DIRECTIONS:
For this exercise, retype the lines from the one that holds "Grab a deal" through the one that holds "BEL LASTİK CEPLİ" in the records below, both included, exactly and without pictures.
╭─ DATA FOR REVIEW
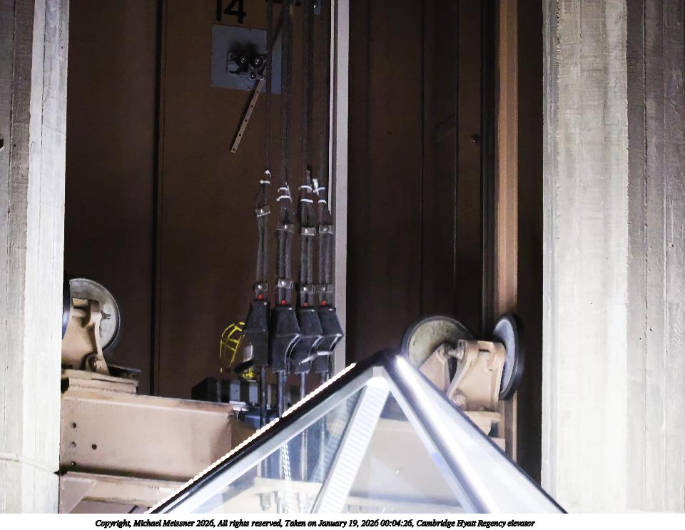 Picture #2: Cambridge Hyatt Regency elevator 960x743, 104,765 bytes (103K), (html file) Copyright, Michael Meissner 2026, All rights reserved OM OM1 camera with Olympus-m43 40-150mm f/2.8 lens f/2.8, ISO 12800, 1/160 sec, 142.0mm, auto mode, vivid color, matrix metering, continous focus, IS Auto, anti-shock 35mm equivalent focal length 284.0mm Programs used: crop, raw therapee Taken by Michael Meissner on January 19, 2026 00:04:26 Last modified on January 22, 2026 at 11:29 |
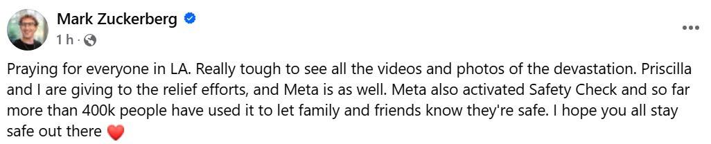 A través de su perfil de Facebook, Mark Zuckerberg compartió que se encuentra brindando apoyo por medio de Meta, implementando un control de seguridad para quienes lo necesiten. Detalló que, hasta ahora, más de 400K de persona lo han usado para saber si familiares, amigos y conocidos se encuentran a salvo tras los desastres ocurridos en Los Ángeles, Estados Unidos.
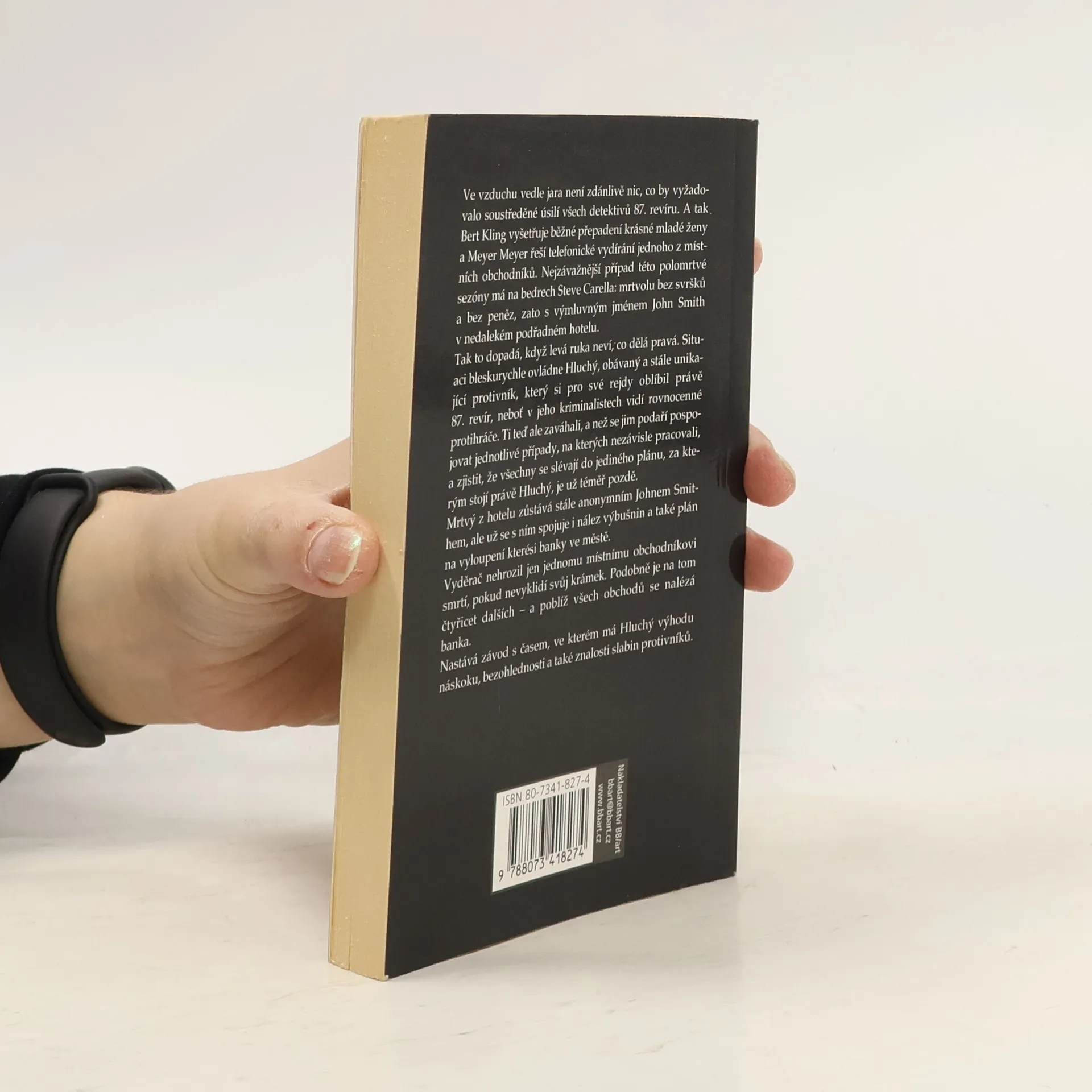 Ve vzduchu vedle jara není zdánlivě nic, co by vyžadovalo soustředěné úsilí všech detektivů 87. revíru. A tak Bert Kling vyšetřuje běžné přepadení krásné mladé ženy a Meyer Meyer řeší telefonické vydírání jednoho z místních obchodníků. Nejzávažnější případ této polomrtvé sezóny má na bedrech Steve Carella: mrtvolu bez svršků a bez peněz, zato s výmluvným jménem John Smith v nedalekém podřadném hotelu. Tak to dopadá, když levá ruka neví, co dělá pravá. Situaci bleskurychle ovládne Hluchý, obávaný a stále unikající protivník, který si pro své rejdy oblíbil právě 87. revír, neboť v jeho kriminalistech vidí rovnocenné protihráče. Ti teď ale zaváhali, a než se jim podaří pospojovat jednotlivé případy, na kterých nezávisle pracovali, a zjistit, že všechny se slévají do jediného plánu, za kterým stojí právě Hluchý, je už téměř pozdě. Mrtvý z hotelu zůstává stále anonymním Johnem Smithem, ale už se s ním spojuje i nález výbušnin a také plán na vyloupení kterési banky ve městě. Vyděrač nehrozil jen jednomu místnímu obchodníkovi smrtí, pokud nevyklidí svůj krámek. Podobně je na tom čtyřicet dalších – a poblíž obchodů všech z nich se nalézá banka. Nastává závod s časem, ve kterém má Hluchý výhodu náskoku, bezohlednosti a také znalosti slabin protivníků.
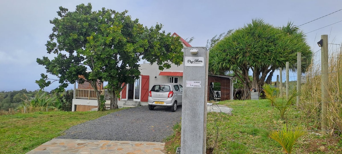 Maisonnette créole avec vue magnifique sur les îles. Située dans une vallée à 5 minutes à pieds de la cathédrale de Saint-Gabriel, au centre de l'ile, la maison est à 15 min de: -l'aéroport -Port Mathurin -des plages Elle fera le bonheur des amateurs de nature et d'authenticité. Elle est accessible par un track road (sentier bétonné) en 4x4 ou en scooter. Les transferts d'aéroport ainsi que les repas peuvent être organisés en supplément.
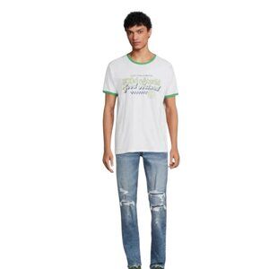 Grab a deal with this bundle of new ringer tees. Stylish t-shirts featuring a bold graphic design. Perfect for casual outings. Comfortable fit with contrast trim accents.
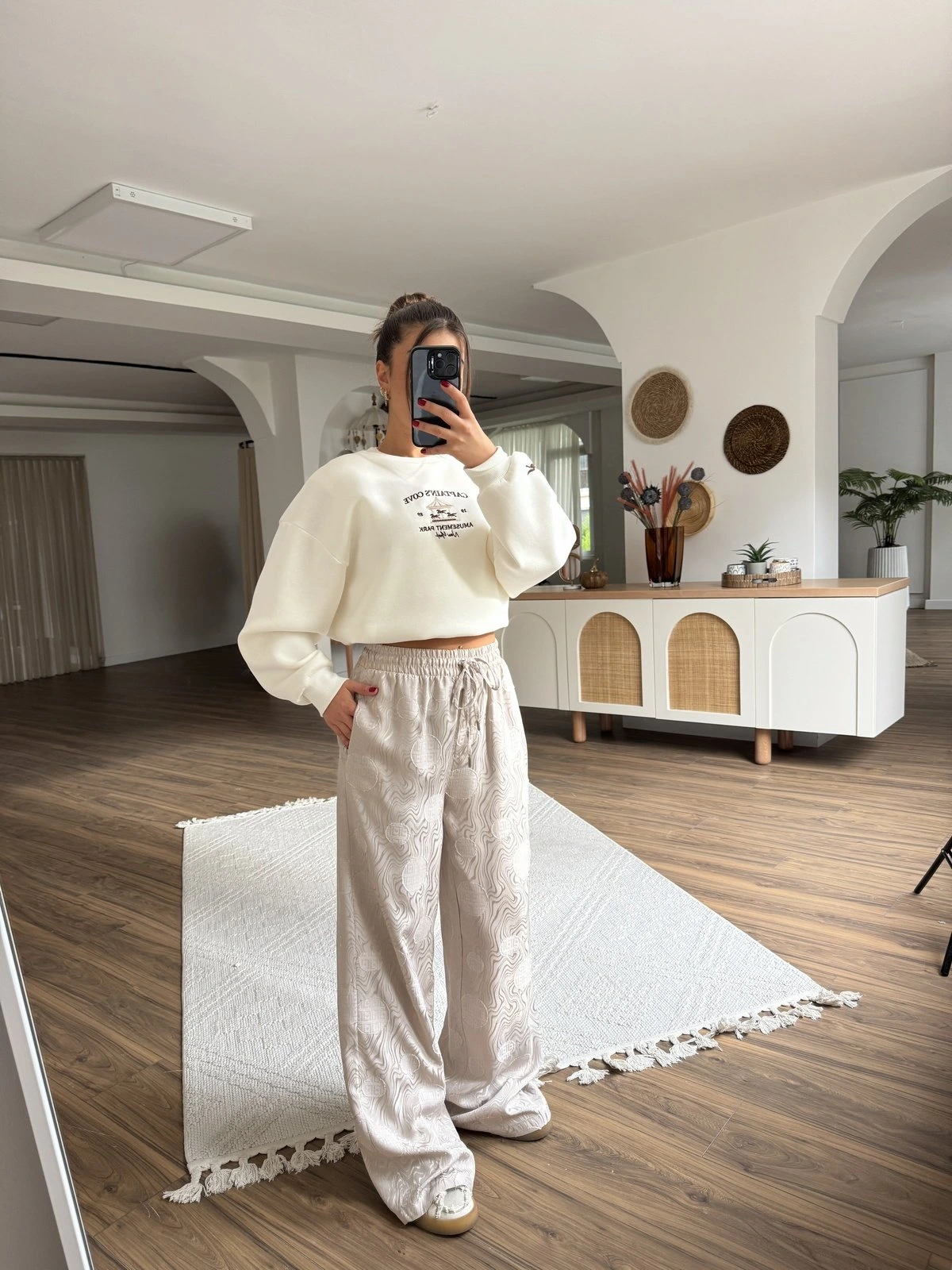 BEL LASTİK CEPLİ DOKU DESEN VİSKON RAHAT PANTOLON – TAŞ
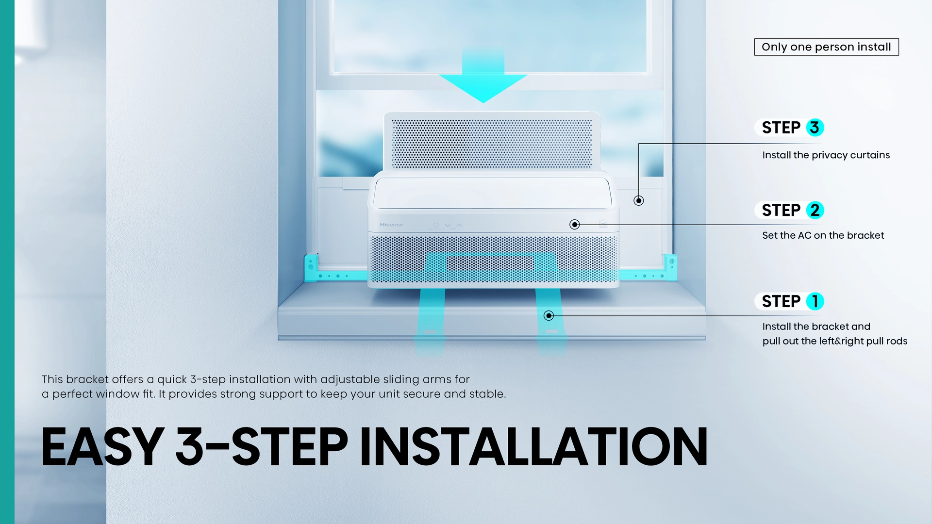 Easy‑Install Bracket: Includes a mounting bracket that straddles the window for secure installation.
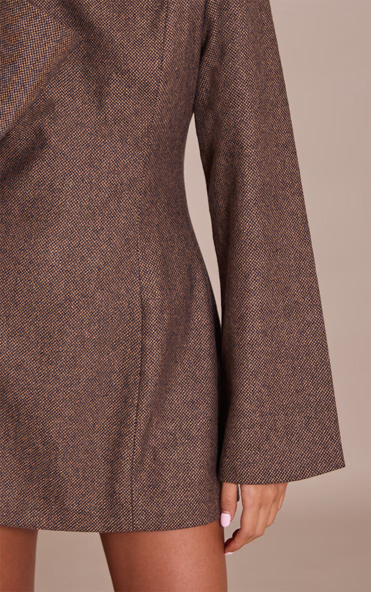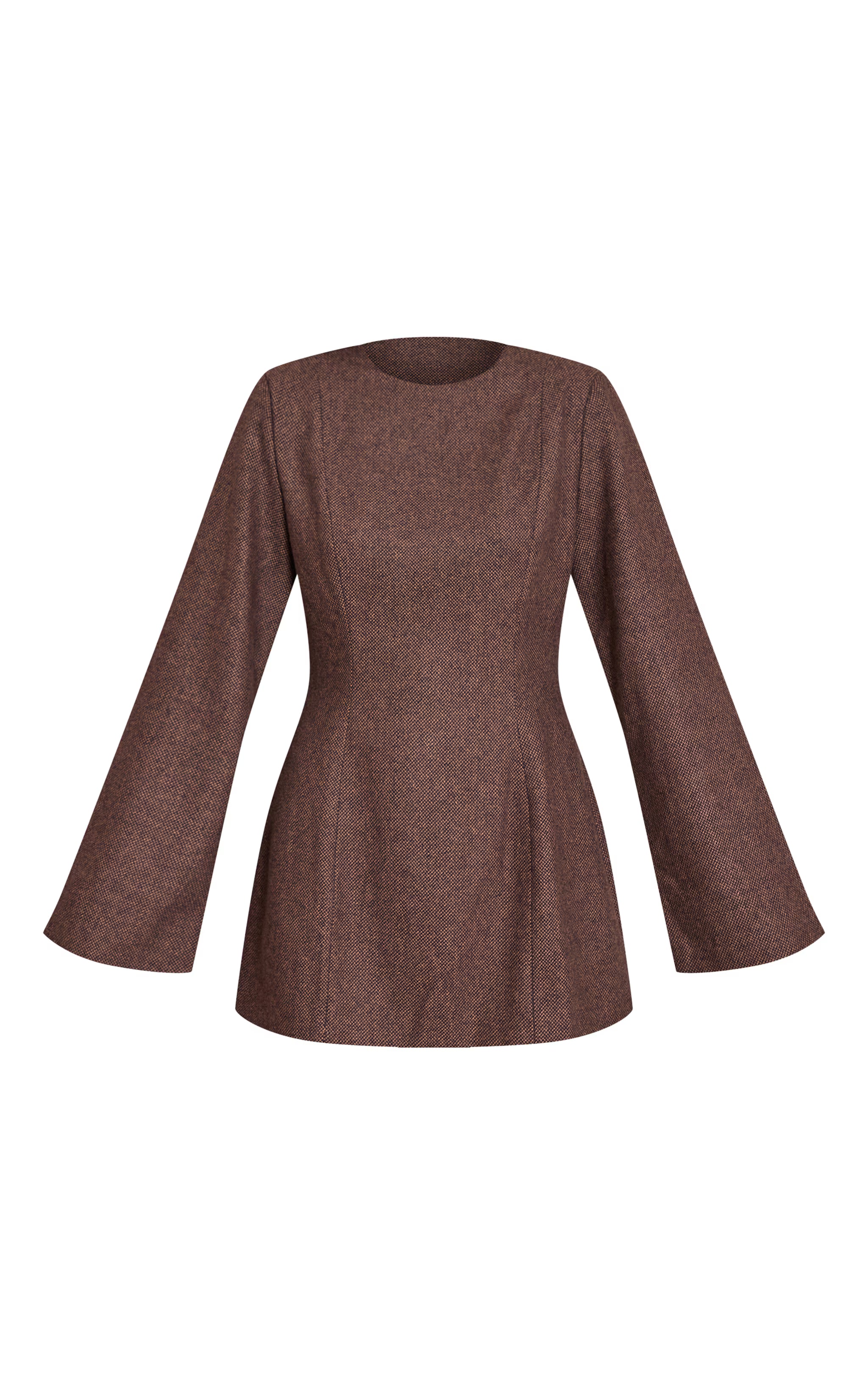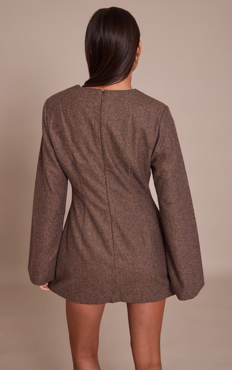 Channel effortless polish for day with a piece that works as hard as you do; the chocolate wool look structured shift dress redefines your wardrobe essentials. Its rich chocolate 'wool look' texture offers a refined visual, complemented by a sophisticated round neckline and long, subtly flared sleeves. The precisely placed seams create a confident, structured silhouette, subtly cinching at the waist before falling to a chic mini length. Complete this versatile piece for any day agenda with sleek black heels and a pair of delicate gold earrings, ensuring a confident, pulled-together aesthetic.
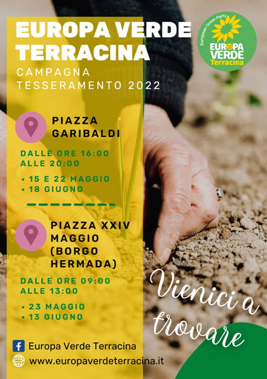 L'iscrizione ad Europa Verde può essere un atto civico e politico importante per dare forza a questo movimento nuovo per Terracina e contribuire a costruire insieme un futuro migliore, fondato sulla cura e sul rispetto dell'ambiente e dei cittadini. L’adesione ad Europa Verde è individuale e libera e implica l’accettazione dello Statuto e dei regolamenti, disponibili sul sito nazionale www.europaverde.it . Ci si può iscrivere direttamente sul sito di Europa Verde – indicando EUROPA VERDE TERRACINA- oppure se si vuole conoscere meglio i portavoce e gli attivisti di Europa Verde Terracina e il loro modo nuovo e disinteressato di fare - ed essere- cittadinanza attiva, puoi venirci a trovare ai gazebo in queste date:
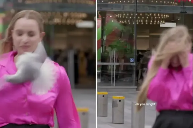 32 yaşındaki Jessica Tyson, Auckland'ın iş merkezinde kameraya konuşurken bir martı aniden üzerine doğru uçup yüzüne çarptı. Çarpmanın etkisiyle neye uğradığını şaşıran muhabir, bir anda "Lanet olsun!" diye bağırarak ellerini yüzüne götürdü.
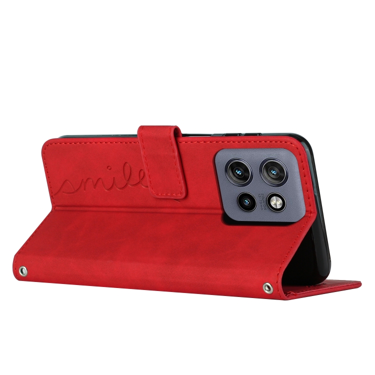 Funda de Piel con Relieve de Corazón para Motorola Edge 50 Neo con Cordón Largo (Rojo)
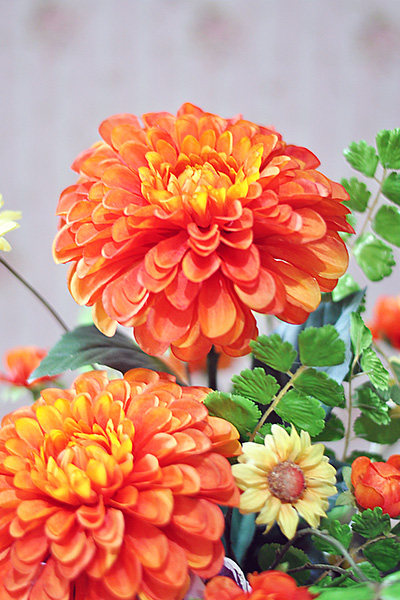 鮮やかなオレンジ色の大輪のダリアを中心に、優しい色合いのスモールフラワーと紫の胡蝶蘭を合わせてアレンジメントしました。
╰─
EXERCISE SOLUTION:
 Grab a deal with this bundle of new ringer tees. Stylish t-shirts featuring a bold graphic design. Perfect for casual outings. Comfortable fit with contrast trim accents.
 BEL LASTİK CEPLİ DOKU DESEN VİSKON RAHAT PANTOLON – TAŞ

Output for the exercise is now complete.